Jorge Claros

Personal information
- Full name: Jorge Aarón Claros Juárez
- Date of birth: 8 January 1986 (age 40)
- Place of birth: La Ceiba, Honduras
- Height: 1.77 m (5 ft 9+1⁄2 in)
- Position: Defensive midfielder

Team information
- Current team: Broncos

Senior career*
- Years: Team / Apps / (Gls)
- 2004–2006: Vida / 17 / (0)
- 2006–2014: Motagua / 164 / (6)
- 2012–2013: → Hibernian (loan) / 44 / (0)
- 2014: Sporting Kansas City / 7 / (0)
- 2015: Qingdao Jonoon / 13 / (0)
- 2016–2017: Alajuelense / 30 / (2)
- 2017–2020: Real España / 74 / (1)
- 2021: C.D. Real Sociedad / 12 / (0)
- 2022-: Broncos / 0 / (0)

International career^{‡}
- 2005: Honduras U-20 / 5 / (0)
- 2007–2008: Honduras U-23 / 5 / (0)
- 2006–2018: Honduras / 85 / (3)

= Jorge Claros =

Honduran footballer (born 1986)

Jorge Aarón Claros Juárez (/es/; born 8 January 1986) is a Honduran footballer, who plays for Broncos.

==Club career==
Claros started his career at Vida before joining Honduran giants F.C. Motagua in 2005. In January 2012 he went on trial at Scottish club Rangers. He then went on trial with another Scottish club, Hibernian, and he signed a loan contract with Hibernian on 31 January. Claros helped Hibernian to reach the 2012 Scottish Cup Final, but he was substituted during the first half of a 5-1 defeat to Hearts. On 16 January 2013, Hibs stated that the clubs were in discussions about the possibility of extending the loan agreement. Later in January, the deal was extended until the end of the 2012–13 season. Claros helped Hibernian reach the 2013 Scottish Cup Final, which ended in a 3-0 defeat to Celtic. He was offered a long-term contract by Hibernian, but returned to Motagua because they continued to demand a large transfer fee.

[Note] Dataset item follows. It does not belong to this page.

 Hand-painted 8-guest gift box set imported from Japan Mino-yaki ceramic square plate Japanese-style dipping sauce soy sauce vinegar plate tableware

Claros signed with Major League Soccer club Sporting Kansas City on 16 July 2014.

==International career==
Claros was a member of the Honduras national football team at the 2005 Youth World Cup in Netherlands and the 2008 Summer Olympics in Beijing. He made his debut for the senior national team in an August 2006 friendly match against Venezuela and has, as of July 2012, earned a total of 30 caps, scoring 2 goals. He has represented his country in 3 FIFA World Cup qualification matches and played at the 2007 and 2011 UNCAF Nations Cups as well as at the 2007 CONCACAF Gold Cup.

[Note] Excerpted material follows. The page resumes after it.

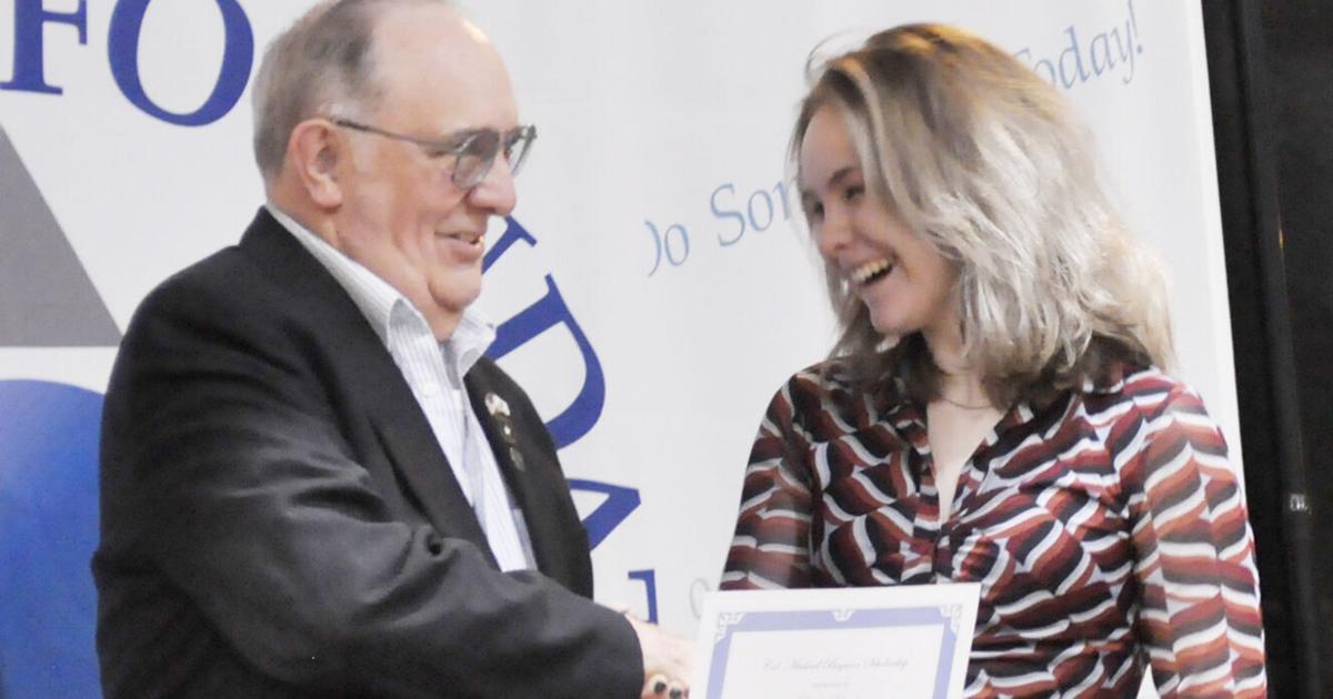 Luella Sikarski, right, shakes hands Monday night with Dick Ardisson at a Celebrating Achievement event at Grace Heartland Church in Elizabethtown as Ardisson presents Sikarski with the Col. Michael Baymor Scholarship.

Claros was recalled to the national team in September 2012 for 2014 FIFA World Cup qualification matches against Cuba. He scored the only goal of the game in a 2013 CONCACAF Gold Cup match against El Salvador, which meant that Honduras secured a place in the knockout stages of the tournament. He helped Honduras qualify for the 2014 FIFA World Cup, where they were drawn with France, Ecuador and Switzerland. Claros played as a substitute in their first game, a 3-0 defeat by France. He then came into the starting lineup for the second match, as Wilson Palacios had been sent off against France. Claros "added some composure", but Honduras lost 2-1 to Ecuador.

===International goals===
Scores and results list Honduras' goal tally first.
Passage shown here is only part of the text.